Directions for this task
A full, word-for-word copy of the listing below is needed; leave the images out of it.

Information provided
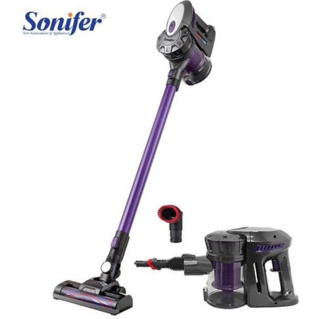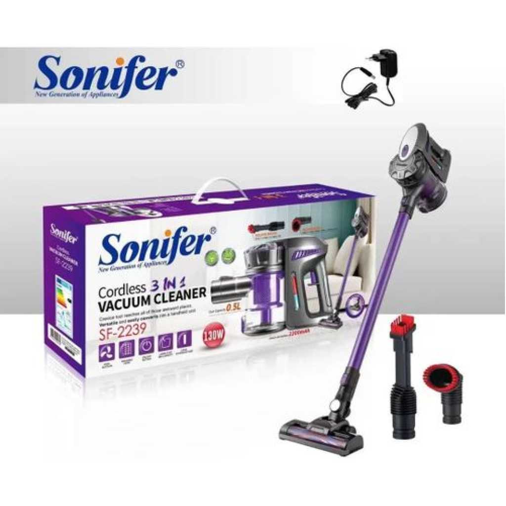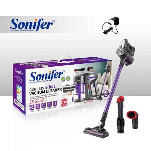 Description 130W 2200mAh 500ml 3 IN 1 Rechargeable Cordless Handheld Vacuum Cleaner SF-2239 Features: Long-lasting 2200mAh Lithium Ion battery High/ Low two-speed settings Washable filter Crevice tool reaches all of those awkward places Versatile and easily converts into a handheld unit Square Brush: easy to clean car gaps, etc. Round brush: easy to clean beds, sofas, curtains, etc. Flat floor brush for hard floors & carpets ON/ OFF button Large dust bin capacity Long extension tube Specifications: Brand: Sonifer Model: SF-2239 Battery Type: Lithium Ion Battery: 2200 mAh Power: 130W Dust Capacity: 0.5L Voltage 220-240V Frequency: 50-60Hz Charging time: 4-5 Hours Operating time:17-35 Min Speed: 2 Settings (High/ Low) Washable Filter Size: (L115 x W23 x H23)cm Package Included: 1 x Vacuum Cleaner 1 x Extension Tube 1 x Floor Brush 1 x Square Brush 1 x Round Brush 1 x Power Adapter 1 x User Manual Key Features: ★3-in-1 versatile : Easily switch to a handheld at the touch of a button.It can be help cleaning of upholstery, stairs, and other hard-to-reach spots. ★Multifunctional:Applied to all floor types like hardwood and hard floor, quickly changes to hand held, fast sweep the dogs hair and the dirt on sofa, stairs, wall. ★Exhaust system,with temperature control protection,effective secondary filtration.Easy to clean,Dust cup,filter, filter element can be washed with water. ★The 1.2L dust cup holds more dirt and requires less frequent emptying between uses. Hygienic bin emptying – no need to touch the dirt.Clean more, empty less. ★5 m power cord,no need to change the socket frequently.Silent design, providing more efficient cleaning effect.
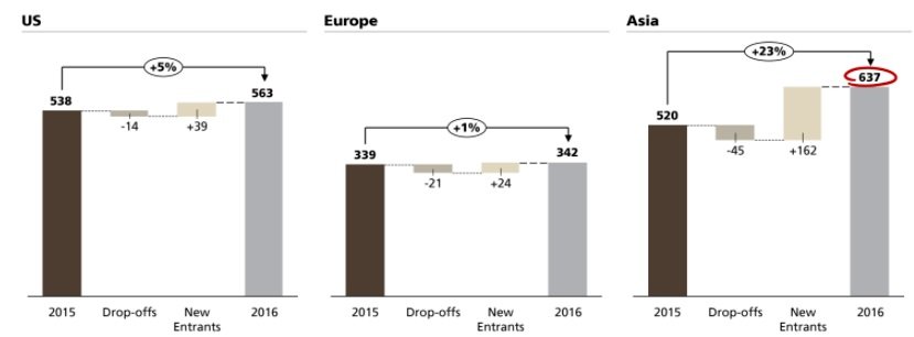 The total number of billionaires in the US are 563 and Asia now has a lot more billionaires than the US. Europe comes third with 342 billionaires. Asia is quickly adding more number of billionaires which lead to its first place around the world. Asia added 162 new billionaires last year leading the billionaire count to 637. This is 23% growth in numbers. US added only 39 new billionaires. And the increase in Europe’s billionaires remained 1%.
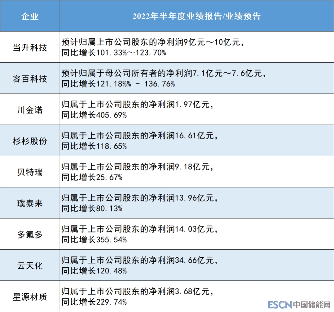 電解液企業(yè)多氟多、云天化,隔膜企業(yè)星源材質(zhì)等上半年凈利潤(rùn)漲幅也均超過(guò)一倍。
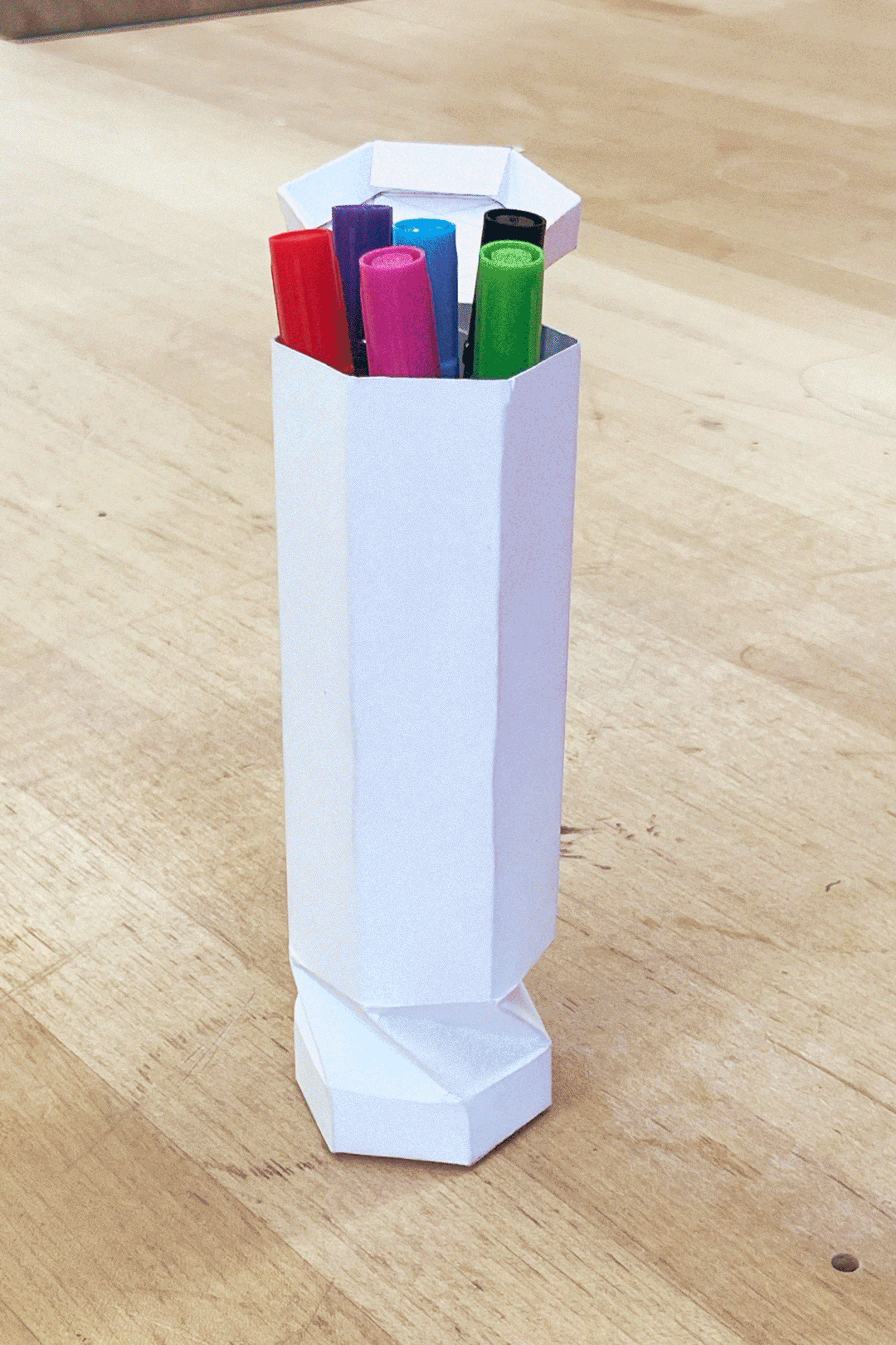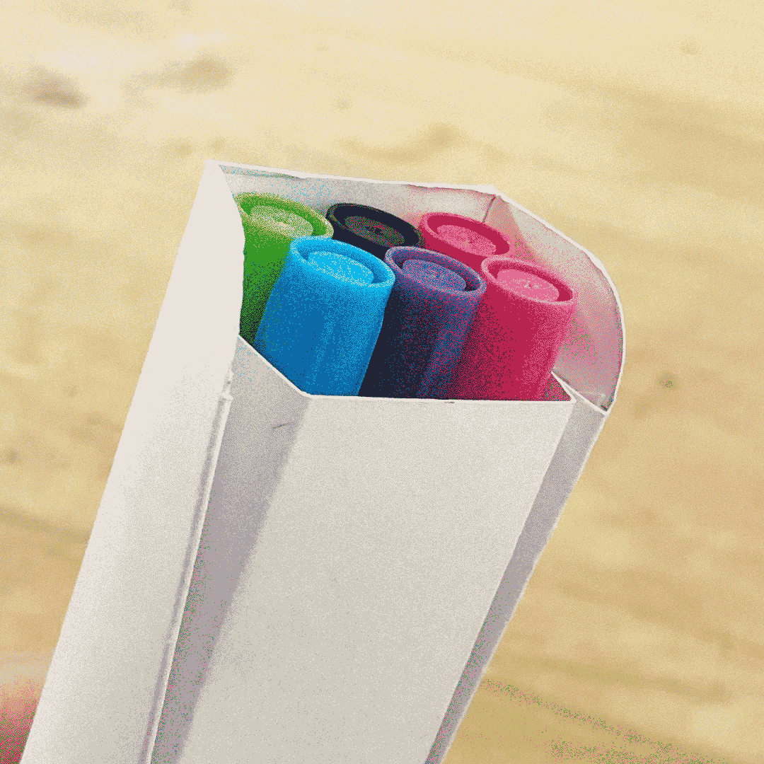 I aim to make my redesigned packaging not only serve as a storage solution, but also participate in the creation process, just like a pen holder. There are 3 goals: The markers should be easy to take out and put back, the packaging should stand on its own, and it should do that taking the least space possible, maintaining a tidy and organized workspace.

Expected output
 Description 130W 2200mAh 500ml 3 IN 1 Rechargeable Cordless Handheld Vacuum Cleaner SF-2239 Features: Long-lasting 2200mAh Lithium Ion battery High/ Low two-speed settings Washable filter Crevice tool reaches all of those awkward places Versatile and easily converts into a handheld unit Square Brush: easy to clean car gaps, etc. Round brush: easy to clean beds, sofas, curtains, etc. Flat floor brush for hard floors & carpets ON/ OFF button Large dust bin capacity Long extension tube Specifications: Brand: Sonifer Model: SF-2239 Battery Type: Lithium Ion Battery: 2200 mAh Power: 130W Dust Capacity: 0.5L Voltage 220-240V Frequency: 50-60Hz Charging time: 4-5 Hours Operating time:17-35 Min Speed: 2 Settings (High/ Low) Washable Filter Size: (L115 x W23 x H23)cm Package Included: 1 x Vacuum Cleaner 1 x Extension Tube 1 x Floor Brush 1 x Square Brush 1 x Round Brush 1 x Power Adapter 1 x User Manual Key Features: ★3-in-1 versatile : Easily switch to a handheld at the touch of a button.It can be help cleaning of upholstery, stairs, and other hard-to-reach spots. ★Multifunctional:Applied to all floor types like hardwood and hard floor, quickly changes to hand held, fast sweep the dogs hair and the dirt on sofa, stairs, wall. ★Exhaust system,with temperature control protection,effective secondary filtration.Easy to clean,Dust cup,filter, filter element can be washed with water. ★The 1.2L dust cup holds more dirt and requires less frequent emptying between uses. Hygienic bin emptying – no need to touch the dirt.Clean more, empty less. ★5 m power cord,no need to change the socket frequently.Silent design, providing more efficient cleaning effect.
 The total number of billionaires in the US are 563 and Asia now has a lot more billionaires than the US. Europe comes third with 342 billionaires. Asia is quickly adding more number of billionaires which lead to its first place around the world. Asia added 162 new billionaires last year leading the billionaire count to 637. This is 23% growth in numbers. US added only 39 new billionaires. And the increase in Europe’s billionaires remained 1%.
 電解液企業(yè)多氟多、云天化,隔膜企業(yè)星源材質(zhì)等上半年凈利潤(rùn)漲幅也均超過(guò)一倍。
 I aim to make my redesigned packaging not only serve as a storage solution, but also participate in the creation process, just like a pen holder. There are 3 goals: The markers should be easy to take out and put back, the packaging should stand on its own, and it should do that taking the least space possible, maintaining a tidy and organized workspace.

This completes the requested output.